Best cat fence options (with planning in mind)
1) Fence-top systems designed to work around the 2.0m limit
Best for: most typical UK gardens.
Why: containment via an inward overhang, not extreme height.
- Safe Whiskers Cat Fence: fixed install (screw into timber posts / drill concrete posts + plugs). (Safe Whiskers product page).
2) Roller/rotating toppers (minimal added height)
Best for: when your fence is already close to 2.0m and you want the smallest possible “height penalty.”
Watch-out: measure — “small” can still push you over.
3) Catios / enclosed runs
Best for: renters or shared boundary drama.
Why: doesn’t extend the boundary fence height (though very large structures can still have their own planning considerations).
4) Very tall perimeter systems (2.2m+)
Best for: only if you’re willing to do planning properly.
Planning reality: if it’s fixed and over the limit, don’t buy the “temporary” line. (Planning Portal).
FAQs
Does a cat fence extension count as fence height?
If it increases the boundary’s “means of enclosure”, assume yes. That’s the wording used in permitted development. (legislation.gov.uk).
Is “temporary” a valid excuse if it’s screwed into the fence?
No sensible person should rely on that.

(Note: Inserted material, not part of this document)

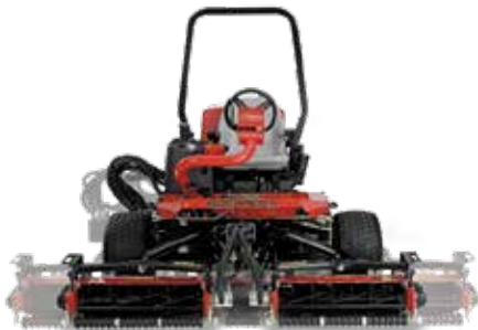
Reelmaster® 3100-D Sidewinder

Physical attachment + intended ongoing use works against the “temporary” argument. (Planning Inspectorate appeal PDF).
What if my fence is already over 2m?
Planning Portal flags that if an existing fence already exceeds the limit, you can’t just increase it further under permitted development. (Planning Portal).
What if I install first and ask later?
You might be invited to submit something retrospectively, but enforcement is still on the table, and non-compliance with a notice is an offence. (GOV.UK enforcement guidance).